Summary of the 1992 California Charter Schools Press Release
In a February 1992 press release, California State Senator Gary K. Hart and Assembly Member Delaine Eastin announced new legislation (SB 1448 and AB 2585) to establish “charter schools” as part of public education. These schools would be initiated by teams—mainly teachers—with a charter granted by a local school board or the State Board of Education. The intent was to provide alternatives to the bureaucratic rigidity of traditional schools by granting these charters flexibility while maintaining core public values.

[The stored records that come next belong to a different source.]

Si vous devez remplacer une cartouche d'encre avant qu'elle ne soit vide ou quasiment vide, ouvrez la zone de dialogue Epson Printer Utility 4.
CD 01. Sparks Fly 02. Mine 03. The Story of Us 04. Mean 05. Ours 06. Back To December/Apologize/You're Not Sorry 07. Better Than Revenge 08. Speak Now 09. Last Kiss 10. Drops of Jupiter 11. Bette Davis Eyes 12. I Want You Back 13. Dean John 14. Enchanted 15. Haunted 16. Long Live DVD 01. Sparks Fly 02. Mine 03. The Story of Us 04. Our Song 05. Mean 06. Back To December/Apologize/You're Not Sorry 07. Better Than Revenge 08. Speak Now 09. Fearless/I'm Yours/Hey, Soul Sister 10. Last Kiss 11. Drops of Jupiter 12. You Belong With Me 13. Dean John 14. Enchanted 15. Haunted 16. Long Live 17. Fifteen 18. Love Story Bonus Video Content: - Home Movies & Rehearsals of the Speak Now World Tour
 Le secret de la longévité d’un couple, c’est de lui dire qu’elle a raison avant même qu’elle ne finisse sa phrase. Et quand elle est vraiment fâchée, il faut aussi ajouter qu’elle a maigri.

Charter schools would be exempt from many regulations but still held to standards regarding health, safety, non-discrimination, and tuition-free access. The reform aimed to foster innovation, encourage teacher leadership, and improve outcomes for students disillusioned with the traditional system
Transcript
Outline
I. Legislative Announcement
- Bills SB 1448 (Hart) and AB 2585 (Eastin) introduced.
- Goal: authorize teacher- and expert-led charter schools via state or local approval.

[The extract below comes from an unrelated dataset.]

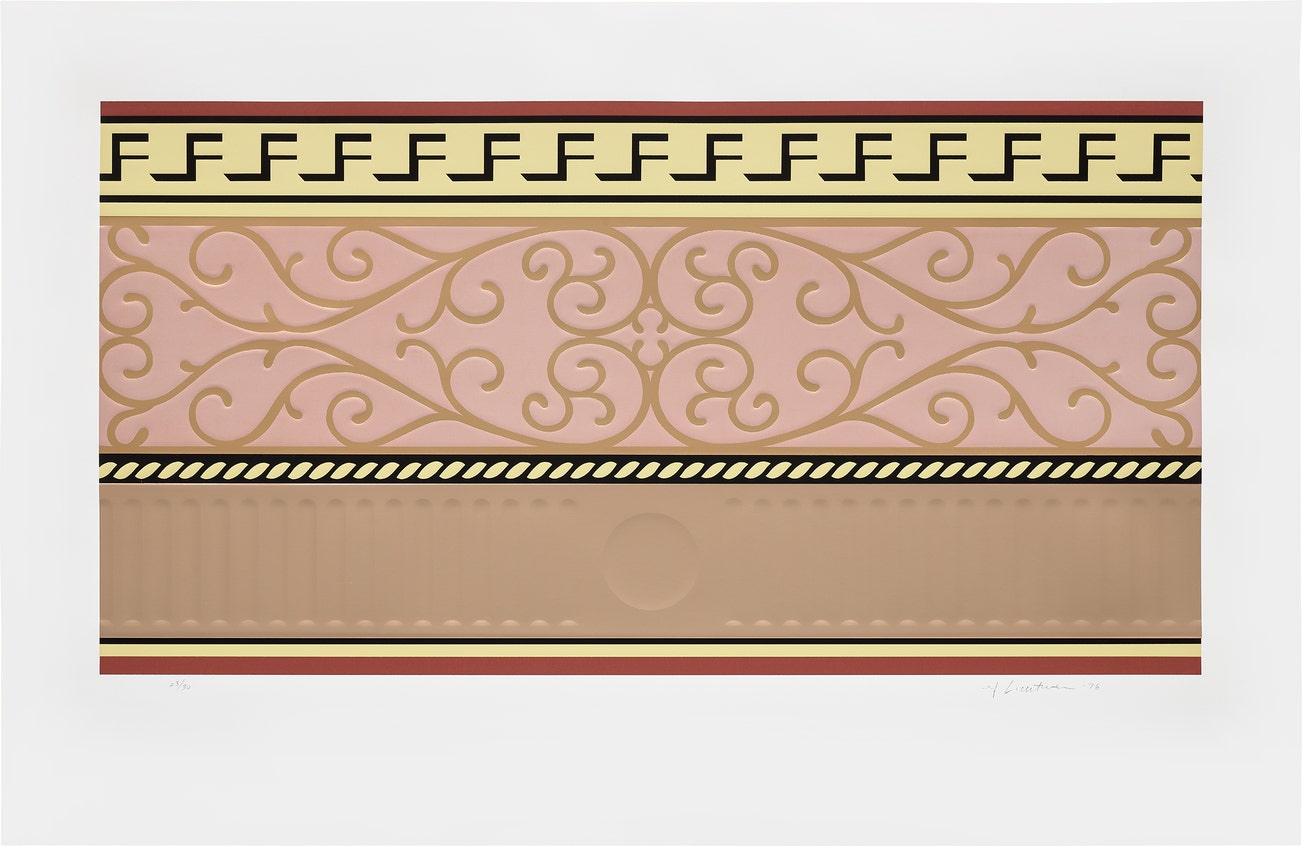 Screenprint in colors with embossing and collage of gloss copper and mat pink metallic foil, on Rives BFK paper, with full margins.

II. Purpose of Charter Schools
- Operate outside traditional school bureaucracy.
- Encourage educator autonomy and student-centered innovation.

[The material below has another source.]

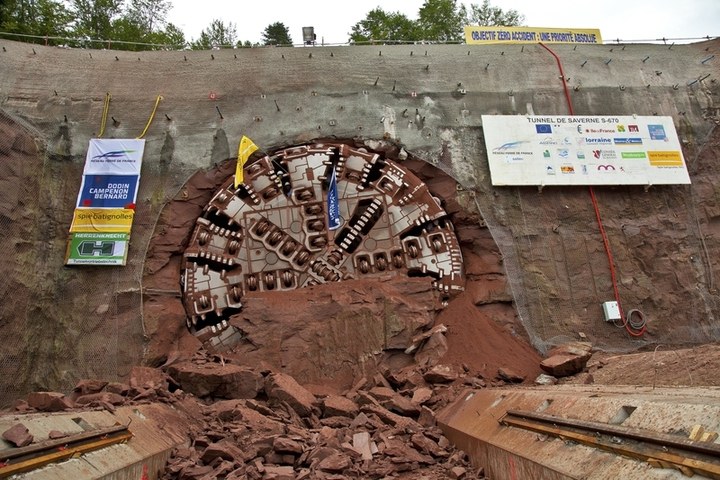 The Schwanau engineers adapted the Herrenknecht tunnel boring machine known as "Charlotte" (open mode convertible EPB Shield S-670, Ø 10,010 mm) to the geological conditions in the project in such a way that it could handle excavation in two different soil types. For the first 200 meters of the northern tunnel it worked through unconsolidated rock (a mixture of sandstone and shell limestone) in the closed EPB (Earth Pressure Balance Shield) mode. In accordance with the prevailing hard rock (red sandstone) that followed, the rest of the advance was continued in open mode. For switching between modes all that is needed are some adjustments at the cutting wheel. The conveyor belt and the screw conveyor remain installed on the machine in both modes. The Saverne project is the first time a Herrenknecht TBM with a convertible EPB shield has been used that can also handle the open hard rock mode with belt conveyor discharge. "The Tunnel de Saverne is a special challenge," says Herrenknecht project manager Stephan Hanusek, and continues: "The conversion went without a hitch, so the machine was ready again in a few days." Since the breakthrough of the first tunnel, the machine is being disassembled and the individual components transported back to the launch platform at Ernolsheim lès Saverne. "Charlotte" is scheduled to begin excavation of the southern tube in October.

- Hart emphasized new opportunities for teachers to control site-level learning programs.
III. Key Safeguards and Requirements
- Exemption from most state/district rules for flexibility.
- Must meet basic public education standards:
- Health/safety codes.
- Nonsectarian operation.
- Open admissions regardless of race, origin, gender, or ability.
- No tuition charges.
IV. Reform Framing
- Eastin: the “factory school model” is broken.
- Charter schools allow bold alternatives without dismantling the public system.
- Hart: this represents “major education reform” to reach underserved students and preserve democratic commitments.